= Susumu Ishii =

Japanese yakuza leader (1924–1991)

Susumu Ishii was the second kaicho (godfather) of the Inagawa-kai yakuza gang in Japan. He was also fifth socho of the Yokosuka-ikka.

Ishii was born in Yokosuka in 1924. As a child, he moved with his family to Kamakura where they ran a small noodle shop. In World War II, he was assigned to a kaiten unit of the Japanese Navy but was not given the chance to take part in a suicide attack. After the war, he became a yakuza and joined the Inagawa-kai in 1958. He rose to the number two position in that gang, but was imprisoned for a gambling scam from 1978 to 1984. After serving his time in prison Ishii spoke to the media, saying; "We cannot succeed in the yakuza world unless we are active and aggressive until our early forties. After that, we have to adapt our lives to ordinary society. We cannot always be so forceful."

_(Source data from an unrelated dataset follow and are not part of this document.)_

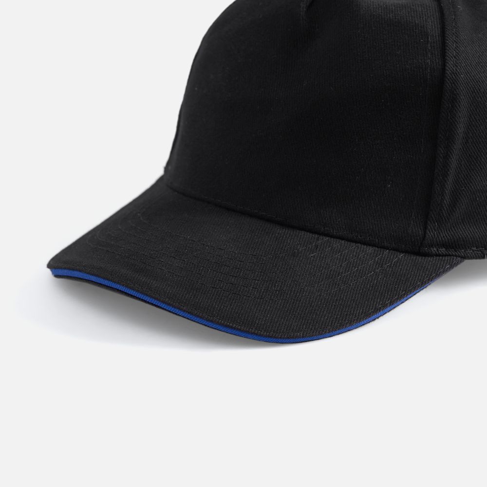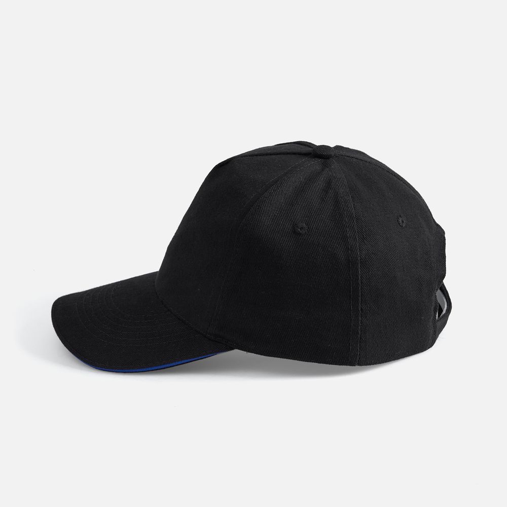 Модель бейсболки с 5-ю клиньями без лобового шва из плотного чесаного хлопка.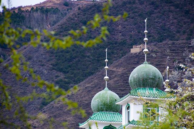 山下的新建的大佛寺和清真寺相隔不远。它们和村落融为一体,也正如它们的关系,这里的民众早已经和睦相处多代。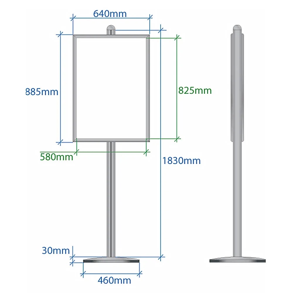 PVC lenses that are anti-glare are also included with your purchase, making viewing of posters easier in most lighting conditions. These lenses also keep your posters from gathering grime or dust whilst on display to maintain a professional look. These portable displays have a silver finish that fits in with any décor with ease!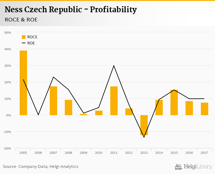 Ness Czech Republic made a net profit of CZK 25.1 mil in 2017, down 12.9% compared to the previous year. Historically, between 2005 and 2017, the company's net profit reached a high of CZK 84.6 mil in 2011 and a low of CZK -36.8 mil in 2013.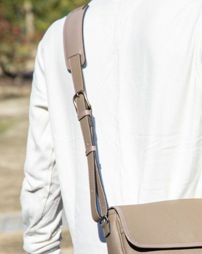 ショルダーの長さは数段階で調整可能なので、ご自身の最適な長さで肩から掛けられます。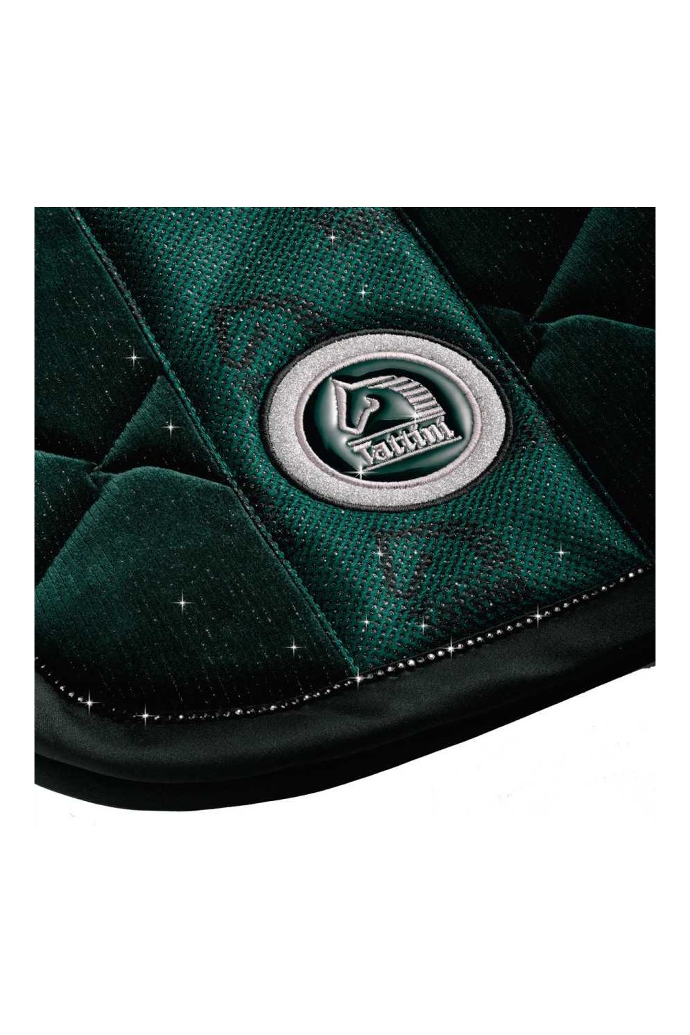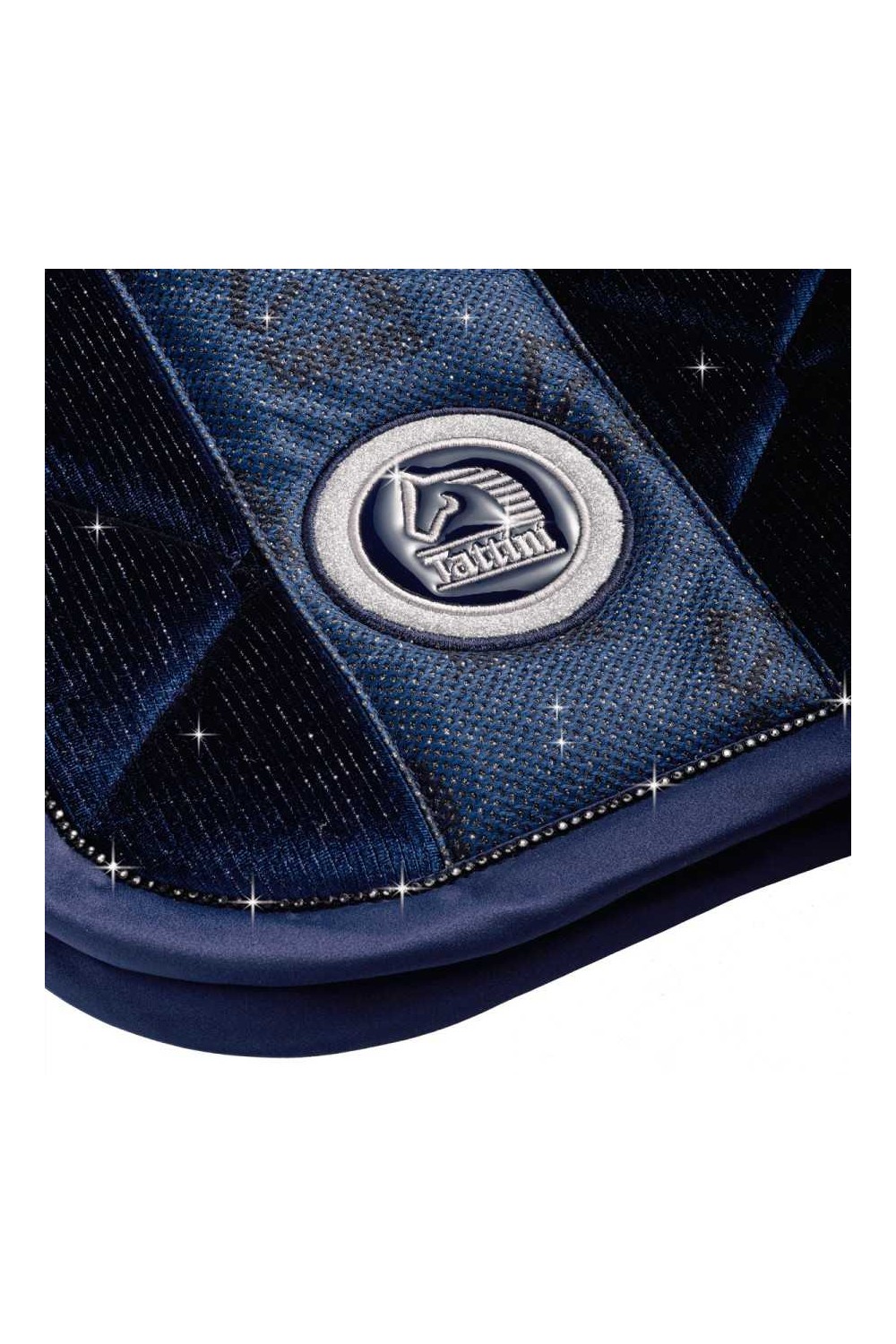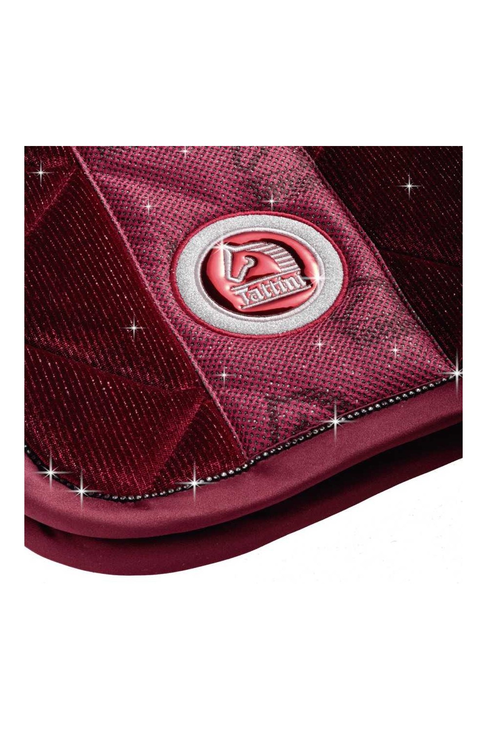 En tejido técnico de microfibra con pespuntes de rombos, efecto corduroy con filamentos de lúrex, borde de satén y fila de brillantes. Decorado con una banda vertical con el logo de Tattini formando un mosaico y una preciosa insignia de lúrex plateada en ambos lados. Con forma en la cruz, forro de micro-mesh con relleno de espuma de 8 mm y polyfill de 240 g.

His house remains in Yokosuka city, a three-storey, brick house in French, Greek and Italian styles.

Ishii owned the Iwama Country Club, with a 36 holes, luxurious golf course. Ishii gathered the wealthiest of Japan and asked them to buy memberships, at a cost of over 200,000 USD. The golf course was a success, bringing millions to Ishii.

He was released from prison at the start of Japan's bubble economy in 1984. Through various loans, banking deals, and real estate scams, he accumulated assets of over $4 billion which he invested in projects around the world, including in Korea and the United States. In 1989, his group even hired Prescott Bush Jr., the brother of President George H. W. Bush, as an advisor (Bush denied knowing his clients' criminal background).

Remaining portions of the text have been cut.